··· DATA EXCERPTS

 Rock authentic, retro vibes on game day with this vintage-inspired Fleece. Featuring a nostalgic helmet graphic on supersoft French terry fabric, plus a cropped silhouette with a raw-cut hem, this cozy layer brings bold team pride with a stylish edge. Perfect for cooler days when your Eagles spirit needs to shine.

······
··· DATA EXCERPTS

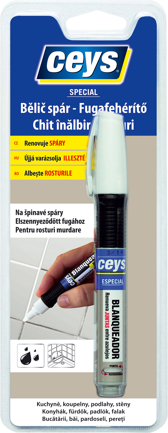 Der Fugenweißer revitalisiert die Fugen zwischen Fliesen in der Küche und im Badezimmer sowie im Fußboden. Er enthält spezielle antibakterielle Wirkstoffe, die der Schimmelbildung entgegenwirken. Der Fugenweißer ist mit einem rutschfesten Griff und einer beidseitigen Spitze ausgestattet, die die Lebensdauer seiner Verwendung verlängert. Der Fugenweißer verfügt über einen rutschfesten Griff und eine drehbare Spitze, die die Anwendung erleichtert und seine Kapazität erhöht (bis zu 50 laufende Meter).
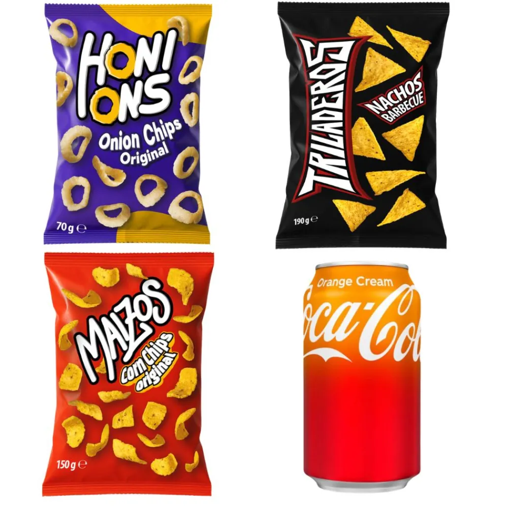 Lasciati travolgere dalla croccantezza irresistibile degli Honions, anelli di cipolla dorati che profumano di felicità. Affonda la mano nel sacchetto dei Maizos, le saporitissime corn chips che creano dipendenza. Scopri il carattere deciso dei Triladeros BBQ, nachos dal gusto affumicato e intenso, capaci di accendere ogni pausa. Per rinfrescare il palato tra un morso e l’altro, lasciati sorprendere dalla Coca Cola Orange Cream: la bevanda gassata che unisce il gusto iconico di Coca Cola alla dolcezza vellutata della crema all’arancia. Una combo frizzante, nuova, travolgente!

······

=== ACTIVITY ===
Exactly reproduce the lines above, starting at the one that contains "Der Fugenweißer revitalisiert" and ending at the one that contains "Lasciati travolgere dalla", both inclusive; leave the pictures out and add no other lines.

=== RESPONSE BELOW ===
 Der Fugenweißer revitalisiert die Fugen zwischen Fliesen in der Küche und im Badezimmer sowie im Fußboden. Er enthält spezielle antibakterielle Wirkstoffe, die der Schimmelbildung entgegenwirken. Der Fugenweißer ist mit einem rutschfesten Griff und einer beidseitigen Spitze ausgestattet, die die Lebensdauer seiner Verwendung verlängert. Der Fugenweißer verfügt über einen rutschfesten Griff und eine drehbare Spitze, die die Anwendung erleichtert und seine Kapazität erhöht (bis zu 50 laufende Meter).
 Lasciati travolgere dalla croccantezza irresistibile degli Honions, anelli di cipolla dorati che profumano di felicità. Affonda la mano nel sacchetto dei Maizos, le saporitissime corn chips che creano dipendenza. Scopri il carattere deciso dei Triladeros BBQ, nachos dal gusto affumicato e intenso, capaci di accendere ogni pausa. Per rinfrescare il palato tra un morso e l’altro, lasciati sorprendere dalla Coca Cola Orange Cream: la bevanda gassata che unisce il gusto iconico di Coca Cola alla dolcezza vellutata della crema all’arancia. Una combo frizzante, nuova, travolgente!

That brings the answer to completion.